However, the model has some limitations, such as a limited number of predictions and
a limited ability to predict unusual situations. The potential applications of the
model are also mentioned in the text, including route screening and prioritization
at the path level.
Fig. 3 Machine learning models can predict the conditions of organic synthesis reactions
and quantify the similarity of solvents and reagents. (Reproduced with permission
from Gao et al.[76 ] This is an unofficial adaptation of an article that appeared in an ACS publication.
ACS has not endorsed the content of this adaptation or the context of its use.)
Amar et al developed a hybrid mechanical-machine learning method for solvent selection
in process development.[77 ] They used a library of 459 solvents and calculated 12 conventional molecular descriptors,
two reaction-specific descriptors, and additional descriptors based on the screening
charge density. The method combines physically meaningful solvent descriptors with
a Gauss process-based algorithm to find solvents that are more favorable for asymmetric
hydrogenation, and better than intuitively selected solvents in terms of conversion
and enantiomer. In addition, automated ML workflow is successful for solvent selection.

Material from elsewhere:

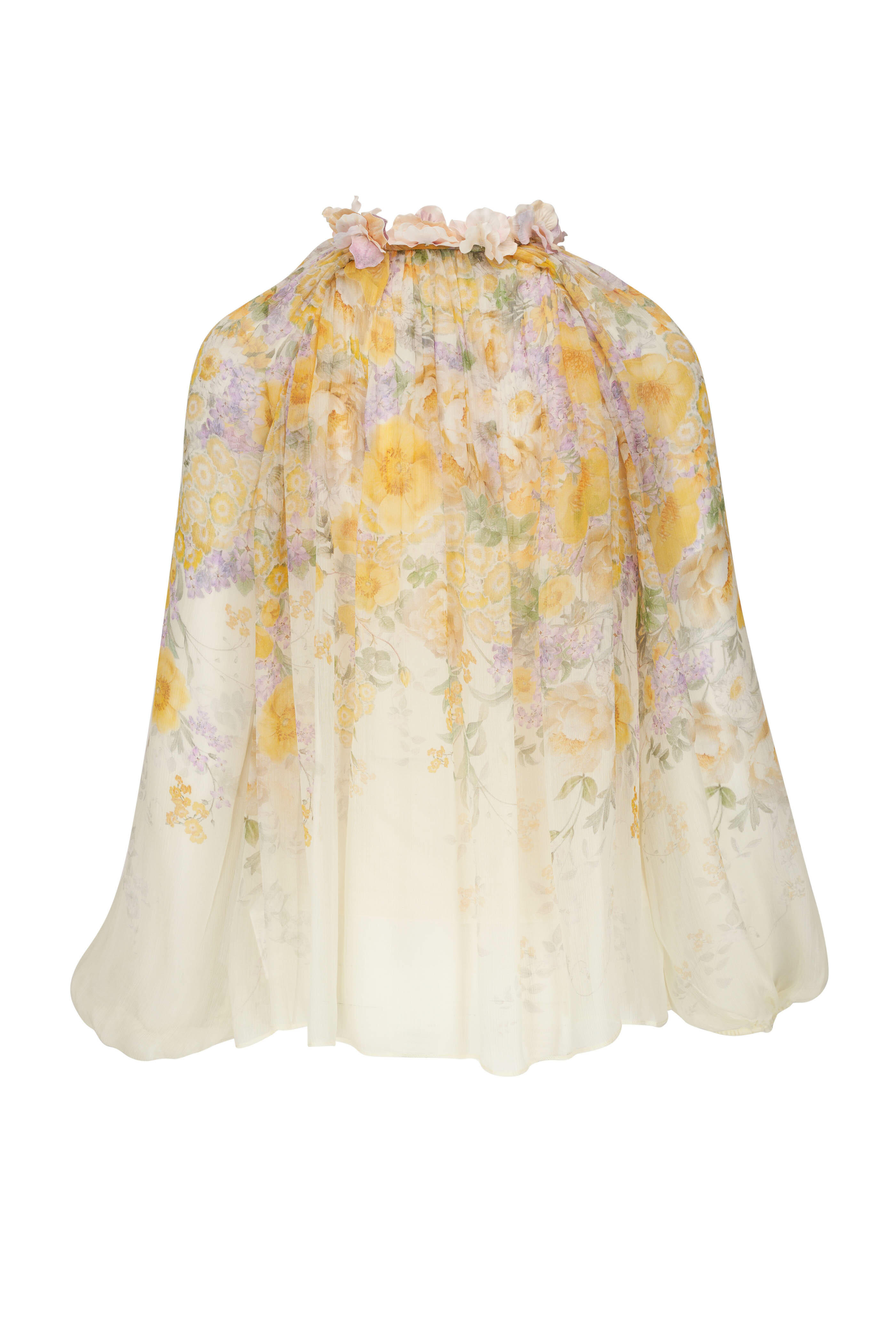 Ruffled split neckline; self-tie closure. Pullover style. Blouson sleeves; elasticized cuffs. Separate slip cami included. Curved, surplus hem. Imported. 100% viscose. Dry clean.
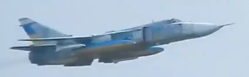 Na ogonie Su-24M widać niebiesko-żółte paski w stylu flagi Ukrainy. Sugeruje to, że mamy do czynienia konkretnie z samolotami ukraińskimi, ponieważ bombowiec frontowy służy również armii rosyjskiej.

However, this approach requires a large amount of data support and needs to be complemented
by proxy models with statistical predictive capabilities. Continuing to develop bridges
between chemical information and data-intensive ML methods makes a lot of sense and
promises to save time and resources for process chemists.
Rinehart et al developed an ML tool to predict substrate-adaptative conditions for
palladium-catalyzed C–N coupling reactions.[78 ] The neural network model actively learns a wide range of C–N coupling reactions
by designing an experimental data set. A challenge model using a neural network model
was used in experimental validation and successfully isolated 10 products from a series
of samples in over 85% yields. In addition, the prediction ability of the model is
gradually improving with the continuous accumulation of data ([Fig. 4 ]).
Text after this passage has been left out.